# Bookcliffs Rifle Deer



## Raptorman (Aug 18, 2009)

Ok guys, my brother drew Bookcliffs Rifle deer. I have spent a ton of time down there but 99% of it has been leading up tot he muzzy elk and deer hunt. So I know the unit really well where the elk and deer are up to the end of September. I have some ideas where they will be during the rifle hunt but wanted to reach out and see if any one had any tips on where to look during that time of year, the hunt starts on Oct 19.

It is the North tag.


----------



## DallanC (Jan 13, 2009)

sent a pm.


-DallanC


----------



## Raptorman (Aug 18, 2009)

DallanC said:


> sent a pm.
> 
> -DallanC


Thanks Dallan!


----------



## Critter (Mar 20, 2010)

North or south tag?


----------



## goofy elk (Dec 16, 2007)

Find Karma's Noggin.............


----------



## Raptorman (Aug 18, 2009)

Critter said:


> North or south tag?


North Tag


----------



## goofy elk (Dec 16, 2007)

RM,
Reed post 5 ten times.


----------



## Raptorman (Aug 18, 2009)

goofy elk said:


> Find Karma's Noggin.............


Read and memorized, trying to figure it out. Thanks for the advice.


----------



## Critter (Mar 20, 2010)

One thing to remember about the Book Cliff deer herd is that they are fair weather deer. If there is a good rainstorm or even snow in September they will be headed off of the top, and it doesn't take very long for them to get to their winter ground. 

With the north tag it eliminates my favorite hunting areas for the bigger bucks. However it opens up a lot of country for you. If you start up on top and don't see very many bucks or even does for that matter start moving north. The last time we were down there for the general deer hunt 90% of the bucks were 10-12 miles north of the Divide Road up on top, and they were in full rut mode.


----------



## ridgetop (Sep 13, 2007)

Look very, very low. To the point where the juniper's stop growing. Then work your way a little higher until you find the deer. Probably won't need to go very far.


----------



## derekp1999 (Nov 17, 2011)

As has been mentioned previously the deer tend to migrate early, between the muzzleloader and rifle seasons. 

A friend and I were out there several years back for the rifle hunt. We camped on top at about 7500ft elevation. We had a couple frustrating days early on exploring up from camp and found very, very few deer in locations above 7k elevation.
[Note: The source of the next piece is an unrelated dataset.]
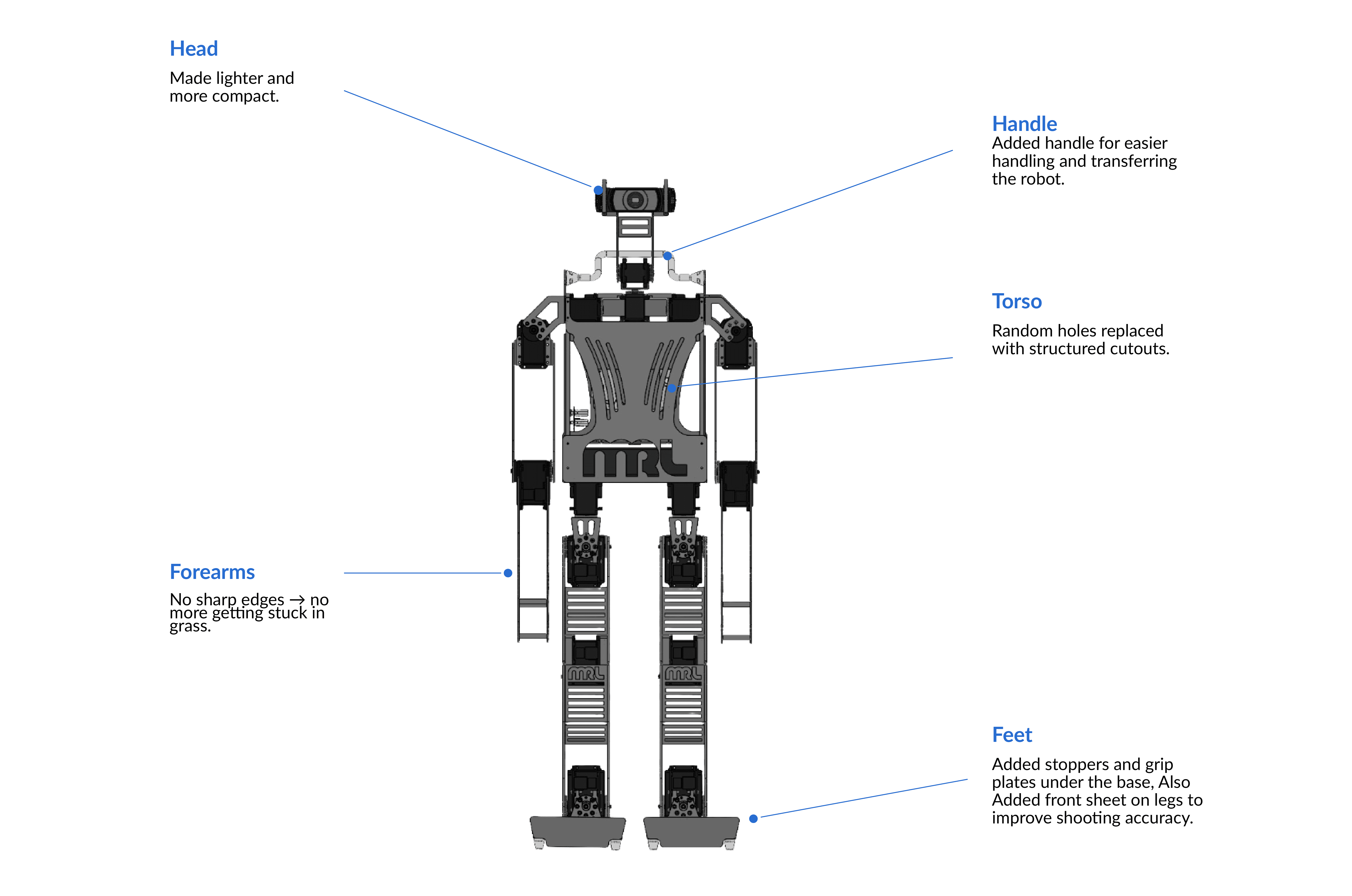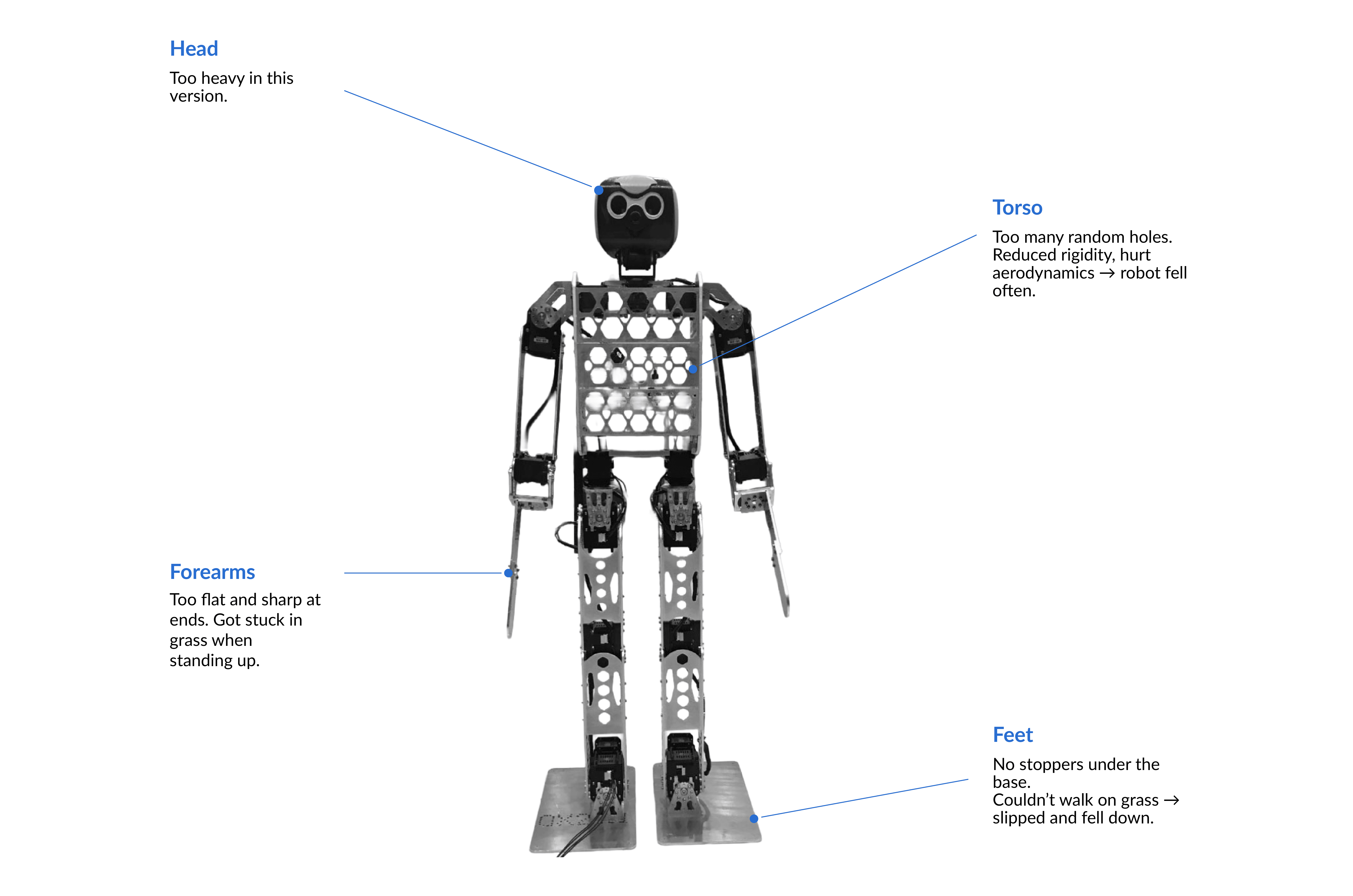 The kid-size platform gave us a clear baseline for joint alignment, actuator range, and overall body proportions. Analyzing its performance on grass, weight distribution, and kicking stability helped define the mechanical requirements for the teen-size robot.

If I were to go out there for the rifle hunt again I wouldn't waste any time above 7k, I'd start looking about 66-6800ft and work my way down. 

You'll know when you hit that magic elevation because you'll go from seeing no/few deer to bunches.


----------



## Raptorman (Aug 18, 2009)

Awesome info, thanks a bunch everyone.


----------



## sawsman (Sep 13, 2007)

goofy elk said:


> Find Karma's Noggin.............


lol. I remember you telling me about the spot, but could never find it exactly!
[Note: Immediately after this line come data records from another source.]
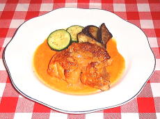 ズッキーニ、米ナスを1の空いたフライパンにて ソテーし、塩、こしょうで味を整えます。最後に鶏と付け合せを盛付け出来上がりです。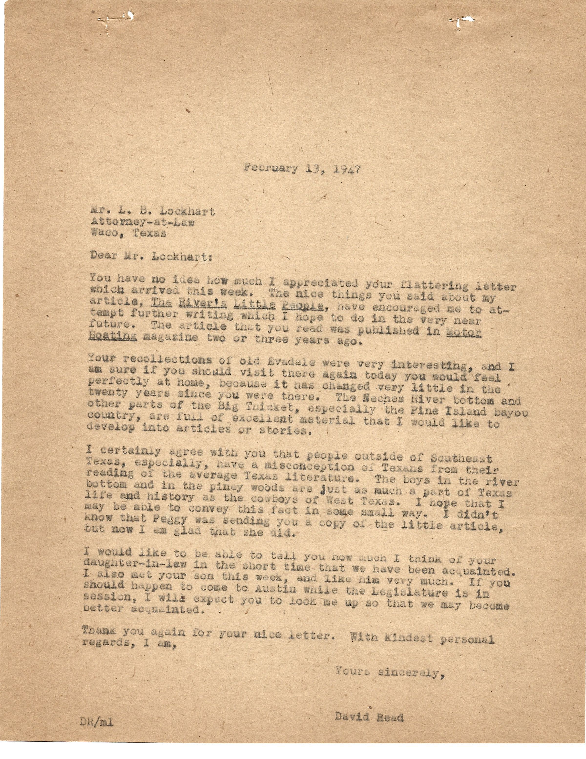 Letter to L B Lockhart from David Read February 13, 1947Tags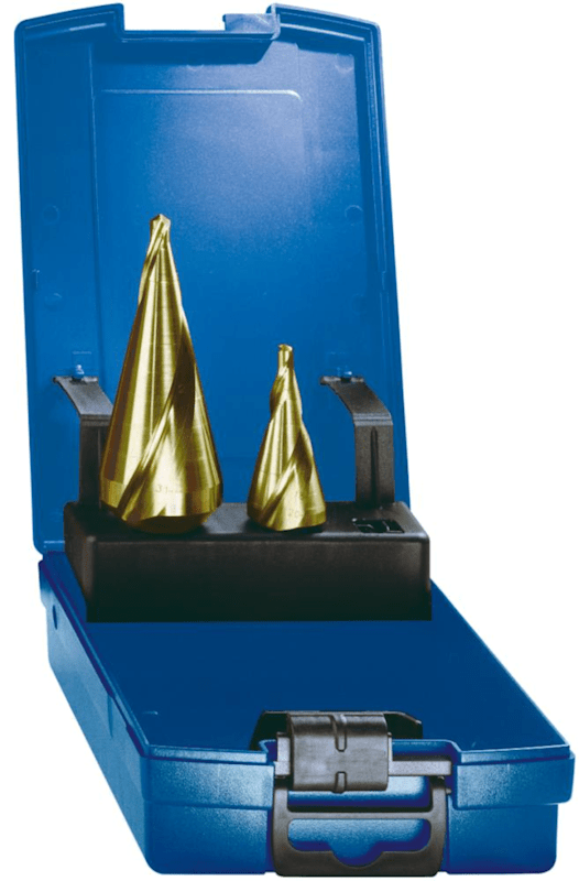 Präzisions-Blechschälbohrer-Satz, TiN-beschichtet• HSS • Werksnorm • Lasersignierung der Loch-Ø und Drehzahlen • Spiralgenutet • Durchrutschen im Bohrfutter wird durch 3-Flächenschaft verhindert

Fun hunt. Great country. Lots of deer. If you see a 24" four point - drop the hammer.


----------



## pollo70 (Aug 15, 2016)

Seen lots of Bucks down by seep ridge road back in 2001, seen lots of 4X4 Bucks in the 22" range after passing on about 28 bucks I finally seen one that was closer to 25" tall with some nice eye guards I didn't hesitate and put the cross hairs on him and took him home and like Sawsman mentioned if you see a nice 24" Buck that gets your heart pumping think twice about passing on him, majority of the bigger bucks stay put up high or near the Colorado border and don't come down until the snow brings them down and that usually after the hunts end, good luck


----------



## DallanC (Jan 13, 2009)

Who is pulling the trigger on this book's buck (back tine does split, its a 4x4 w/ eyeguards). Who's holding out for something bigger?










-DallanC


----------



## RandomElk16 (Sep 17, 2013)

DallanC said:


> Who is pulling the trigger on this book's buck (back tine does split, its a 4x4 w/ eyeguards). Who's holding out for something bigger?
> 
> 
> 
> ...


Seems to be above average harvest. People would probably be surprised what average harvest is on a lot of LE units.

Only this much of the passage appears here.